Kelompok Hamas menuduh pemerintahan mantan Presiden Amerika Serikat, Donald Trump, telah mengingkari janji yang disampaikan melalui utusannya terkait pembebasan sandera berkewarganegaraan ganda Amerika-Israel, Edan Alexander. Tuduhan ini disampaikan oleh pejabat senior Hamas, Basem Naim seperti dilansir Al Jazeera pada Sabtu (17/5).
Menurut Naim, dalam proses negosiasi, utusan Trump disebut telah menyampaikan sejumlah komitmen penting kepada Hamas. Di antaranya adalah janji untuk mendorong pencabutan blokade Gaza, membuka akses bantuan kemanusiaan, serta menyerukan gencatan senjata.

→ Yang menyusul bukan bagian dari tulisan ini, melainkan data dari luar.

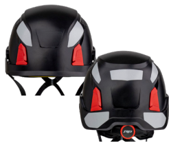
280-HP1491KIT Reflective Decal Kit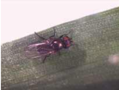
Figure 6. Adult leaf miner fly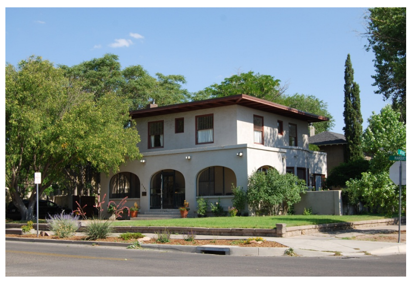
Fourth Ward neighborhood – Prairie (above) and Craftsman styles (below) (ca. 1910s-1920s)

Hamas mengklaim bahwa komitmen tersebut disepakati sebagai bagian dari kesepakatan untuk membebaskan Alexander. Namun, setelah proses pembebasan dilakukan, pihak Amerika Serikat disebut tidak menindaklanjuti janji-janji tersebut. Naim menyatakan bahwa pemerintahan Trump justru mengabaikan kesepakatan yang telah dibuat.
“Kami merasa dikhianati. Mereka membuang perjanjian ini ke tempat sampah,” ujar Naim dalam pernyataannya. Ia menambahkan, pengingkaran terhadap komitmen itu memperburuk krisis kemanusiaan di Gaza dan memperdalam ketidakpercayaan terhadap upaya diplomatik yang dijalankan oleh Amerika Serikat.
Sejauh ini, belum ada tanggapan resmi dari pihak Amerika Serikat terkait tuduhan tersebut. Ketegangan antara kedua pihak pun masih berlanjut, sementara publik menanti klarifikasi dari pihak yang dituduh.
Situasi ini menambah kompleksitas dalam dinamika diplomatik di Timur Tengah, khususnya menyangkut peran Amerika Serikat dalam upaya perdamaian dan penanganan krisis kemanusiaan di wilayah Gaza.